- _Collected data_
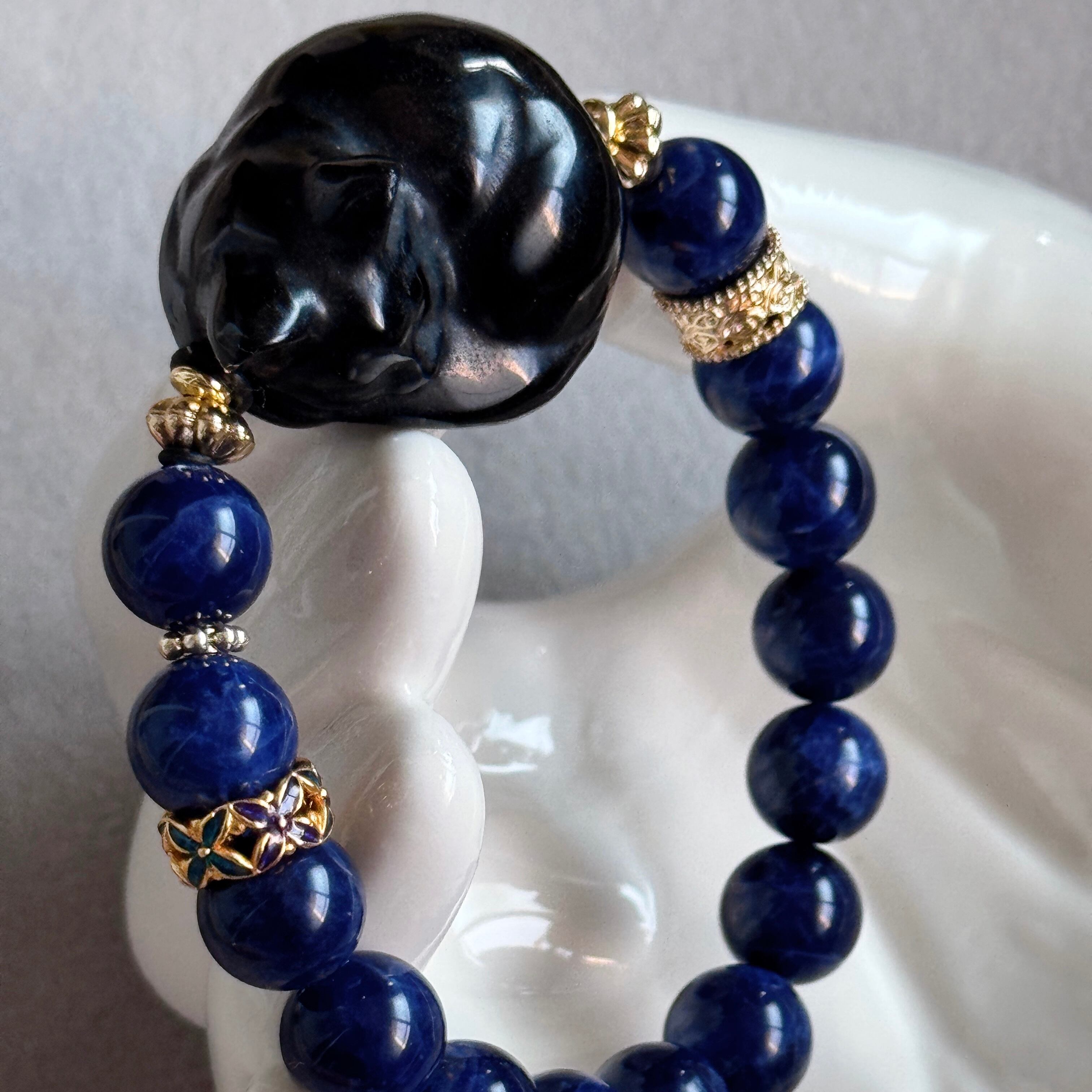 宵闇に静かに眠るオブシディアンの黒猫に、ソーダライトを合わせたブレスレット。
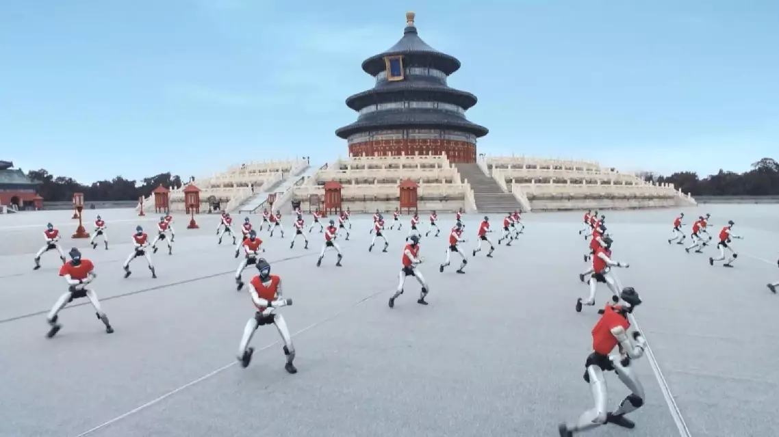 In a video released on Monday by Unitree, 50 humanoid robots in red vests assembled in front of the Hall of Prayer for Good Harvests, the main building at the Temple of Heaven, where they demonstrated their Kung Fu moves in perfect synchrony, such as backflipping, cartwheeling, and high-speed kickboxing.
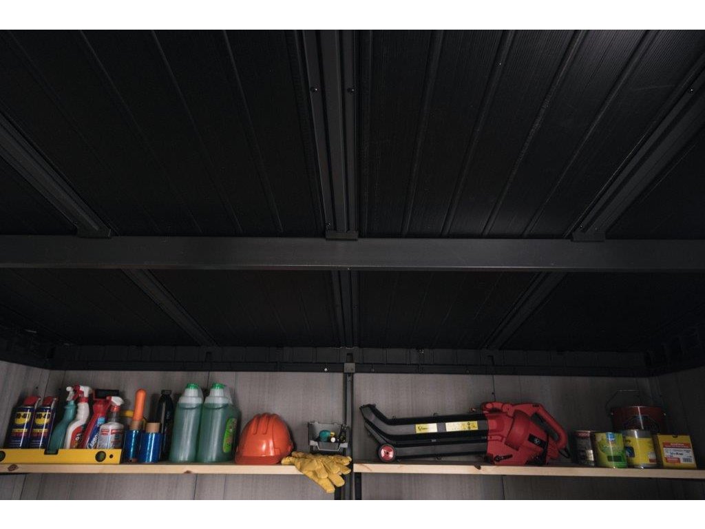 Keter Artisan 7x7 má dvojité dveře s uzamykacím systémem z ušlechtilé oceli, díky němuž se do domku nedostane nikdo neoprávněný (visací zámek není součástí této dodávky). Samozřejmostí jsou také rozměrná okna, která do domku vnesou přirozené denní světlo. Rovněž zde nechybí ventilační mřížka, která zase obstará lepší cirkulaci vzduchu, čímž zatočí s vlhkostí, s plísní a s hnilobou jednou provždy. Masivní pultová střecha nabízí maximální nosnost až 200 kg/m2, tudíž s přehledem unese i větší nánosy sněhu bez jakýchkoliv bezpečnostních rizik. Pomocí systému D-Clip můžete na vnitřní stranu stěn pohodlně umístit různé regály a organizéry nebo si zavěsit jízdní kolo či pracovní náčiní s násadou tak, abyste ušetřili co nejvíce prostoru pro další příslušenství.
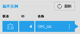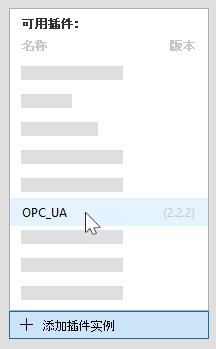 3. 确保插件当前未在运行。否则,参数将不可用于配置。可以通过插件实例列表中的相应状态图标查看插件的当前状态。如果状态显示 图标,表示插件正在运行。在这种情况下,必须通过单击 MERLIC RTE Setup 底部的“ 停止插件”按钮停止它。如果状态显示 图标,表示插件当前未在运行。在以下示例图像中,OPC UA server 插件的选定实例当前未在运行,因此可以进行配置。

- _Task prompt_
Pictures stay out; everything else in the listing above is to be repeated exactly.

- _Written response_
 宵闇に静かに眠るオブシディアンの黒猫に、ソーダライトを合わせたブレスレット。
 In a video released on Monday by Unitree, 50 humanoid robots in red vests assembled in front of the Hall of Prayer for Good Harvests, the main building at the Temple of Heaven, where they demonstrated their Kung Fu moves in perfect synchrony, such as backflipping, cartwheeling, and high-speed kickboxing.
 Keter Artisan 7x7 má dvojité dveře s uzamykacím systémem z ušlechtilé oceli, díky němuž se do domku nedostane nikdo neoprávněný (visací zámek není součástí této dodávky). Samozřejmostí jsou také rozměrná okna, která do domku vnesou přirozené denní světlo. Rovněž zde nechybí ventilační mřížka, která zase obstará lepší cirkulaci vzduchu, čímž zatočí s vlhkostí, s plísní a s hnilobou jednou provždy. Masivní pultová střecha nabízí maximální nosnost až 200 kg/m2, tudíž s přehledem unese i větší nánosy sněhu bez jakýchkoliv bezpečnostních rizik. Pomocí systému D-Clip můžete na vnitřní stranu stěn pohodlně umístit různé regály a organizéry nebo si zavěsit jízdní kolo či pracovní náčiní s násadou tak, abyste ušetřili co nejvíce prostoru pro další příslušenství.
 3. 确保插件当前未在运行。否则,参数将不可用于配置。可以通过插件实例列表中的相应状态图标查看插件的当前状态。如果状态显示 图标,表示插件正在运行。在这种情况下,必须通过单击 MERLIC RTE Setup 底部的“ 停止插件”按钮停止它。如果状态显示 图标,表示插件当前未在运行。在以下示例图像中,OPC UA server 插件的选定实例当前未在运行,因此可以进行配置。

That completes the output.